The Minister of Agriculture and Rural Development, Chief Audu Ogbeh, has said the recurrent clashes between herdsmen and farmers may not end soon.
According to him, permanent solutions to the conflicts would require a lot of planning and funds, which is lacking at the moment.
The Minister, who disclosed this in Abuja while addressing newsmen during the weekend, noted that government was not leaving any stone unturned in its commitment to engender an ecosystem where everybody would live peacefully, devoid of clashes and killings.
He said: “I can’t give you a date when the herdsmen/farmers conflicts will end
“To solve this problem requires a great deal of planning and expenditure. The budget we have can’t cope; the state governors must be involved. Other stakeholders who want to keep ranches, cattle must be involved.
“The ministry would work on access to land and land tenure security which is expected to address farmers-pastoralists conflicts.
“The reason for this new approach is to put this matter before all Nigerians. It’s our problem.
“Quarrelling, hauling abuses at each other, raising suspicions, anger and all that will not help. We have a problem, we must solve it and solutions are not that difficult to find.
“A country which has at least 45 million hectares of empty land has no business allowing farmers and cattle rearers to fight,” he stated.
Similarly, a former Lagos State Police Commissioner, Abubakar Tsav, backed the Ogbeh on his claim that the clashes would not go away overnight. He argued that not even the anti-grazing law, already passed by both Benue and Taraba states, was enough to put an end to the incessant clashes.

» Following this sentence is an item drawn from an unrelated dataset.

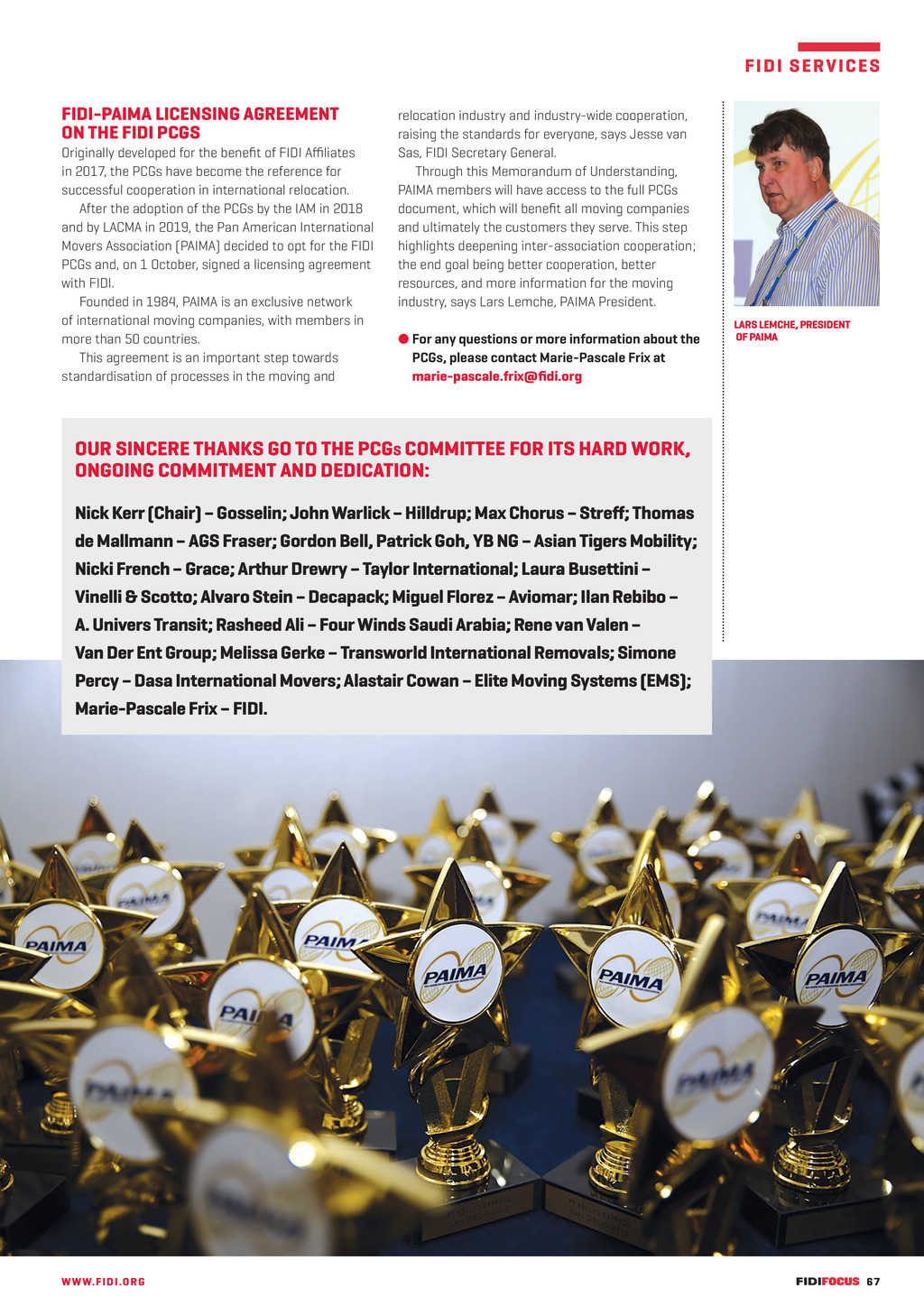 F I D I S E RV ICES LATEST EDITION OF PCGS GOES LIVE C A L L TO ACTION The FIDI Professional Cooperation Guidelines (PCGs) have gained a firm status as reference for best practice in the wider international moving industry. Over the past few months, two key milestones were reached, strengthening this position. By Marie-Pascale Frix, Business Intelligence Manager T he FIDI Professional Cooperation Guidelines (PGCs) document has undergone its third review since it was launched in 2017. THE PCGS COMMITTEES ROLE MARIE-PASCALE FRIX, FIDI BUSINESS INTELLIGENCE MANAGER 66 FF300 DecJan21 pp66-67 PCGs v2.indd 66 Despite the challenges of the COVID-19 pandemic, the PCGs Committee worked hard to complete its annual review of the PCGs document, analysing in detail the suitability of the current guidelines, taking into consideration all proposals for change from FIDI Aliates, FIDI Associations and from cases erational manual l Update your op plates with the m te and company e ts to the PCGs th latest amendmen are on rsi ve d ne dli re 2020 PCGs and its FIDINET available on l Mitigate risks of ove in the m nd misu erstandings trading ur yo k as process by partners to abide Gs PC e th solved through the Dispute Resolution Scheme (DRS). Each proposal must be analysed to see if it fits the scope of the PCGs. This requires lots of rigour and an ongoing review of the relevance of the PCGs guidelines, so that they constantly remain up to date and adaptable for our industry. The role of the PCGs Committee is crucial to the integrity and sustainability of the PCGs document. 2020 EDITION KEY HIGHLIGHT: ONE VERSION FOR ALL USERS The 2019 PCGs consisted of two versions of the guidelines: one for FIDI Aliates (the ocial document) and one version to be used by other trade associations licensed by FIDI, with all references to FIDI and FAIM removed. The PCGs Committee concluded that there should only be one version of the document in force, adapted to the use by both FIDI and other trade associations (based on a signed agreement with FIDI). The 2020 edition, as approved by the FIDI Extra-ordinary General Assembly on 20 October 2020 is, consequently, applicable without exception to both FIDI and other PCGs licensed trade associations and their members, at all times. WWW. F I D I FOC U S . OR G 24/11/2020 11:39
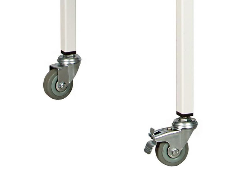 - столик процедурный имеет 4 колеса из немаркой серой резины D= 50 мм, два из которых снабжены тормозом

“The anti-grazing law made by Benue and Taraba states will have no effect because the laws were made in a hurry an in violation of the rights of the herdsmen. The state governments ought to have carved out areas as ranches and provide water, veterinary clinics, nets, schools and so on before making the law.
“They ought to have consulted widely. Herdsmen have a right to movement under the constitution to carry out their businesses. By creating ranches, states will improve and expand their revenue base. A law which has ethnic and religious connotations can only tear us apart as a people in one nation. The current law without alternative grazing area is an indirect way of sending herdsmen out of the states.”